PROBLEM TO SOLVE ->
Print the data once more, exactly as given. Drop the pictures.

DATA SHOWN ->
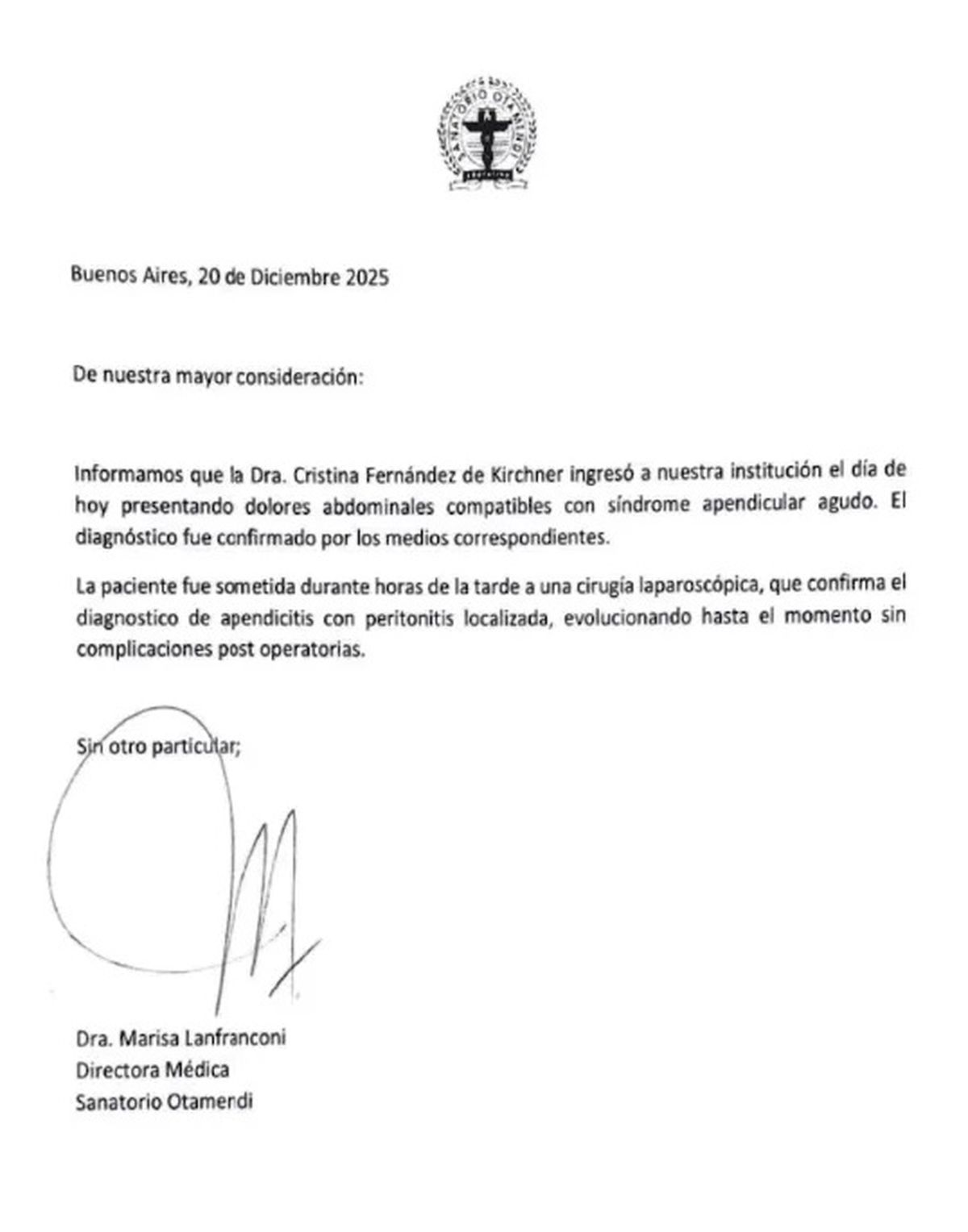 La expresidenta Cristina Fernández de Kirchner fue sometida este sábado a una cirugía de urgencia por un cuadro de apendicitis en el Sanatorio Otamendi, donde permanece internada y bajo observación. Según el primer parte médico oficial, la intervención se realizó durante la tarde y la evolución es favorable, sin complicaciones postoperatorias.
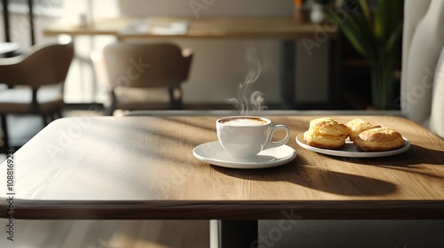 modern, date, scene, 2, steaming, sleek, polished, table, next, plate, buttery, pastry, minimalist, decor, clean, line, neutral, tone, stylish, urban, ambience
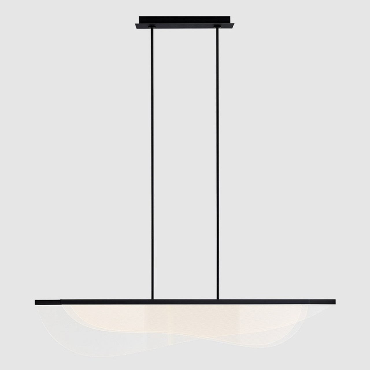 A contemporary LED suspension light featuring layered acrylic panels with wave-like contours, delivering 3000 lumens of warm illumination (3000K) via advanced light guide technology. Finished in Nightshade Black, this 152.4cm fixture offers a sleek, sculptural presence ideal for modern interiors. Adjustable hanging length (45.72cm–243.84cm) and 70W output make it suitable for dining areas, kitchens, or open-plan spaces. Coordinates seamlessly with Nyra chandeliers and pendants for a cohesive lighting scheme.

PROBLEM SOLUTION ->
 La expresidenta Cristina Fernández de Kirchner fue sometida este sábado a una cirugía de urgencia por un cuadro de apendicitis en el Sanatorio Otamendi, donde permanece internada y bajo observación. Según el primer parte médico oficial, la intervención se realizó durante la tarde y la evolución es favorable, sin complicaciones postoperatorias.
 modern, date, scene, 2, steaming, sleek, polished, table, next, plate, buttery, pastry, minimalist, decor, clean, line, neutral, tone, stylish, urban, ambience
 A contemporary LED suspension light featuring layered acrylic panels with wave-like contours, delivering 3000 lumens of warm illumination (3000K) via advanced light guide technology. Finished in Nightshade Black, this 152.4cm fixture offers a sleek, sculptural presence ideal for modern interiors. Adjustable hanging length (45.72cm–243.84cm) and 70W output make it suitable for dining areas, kitchens, or open-plan spaces. Coordinates seamlessly with Nyra chandeliers and pendants for a cohesive lighting scheme.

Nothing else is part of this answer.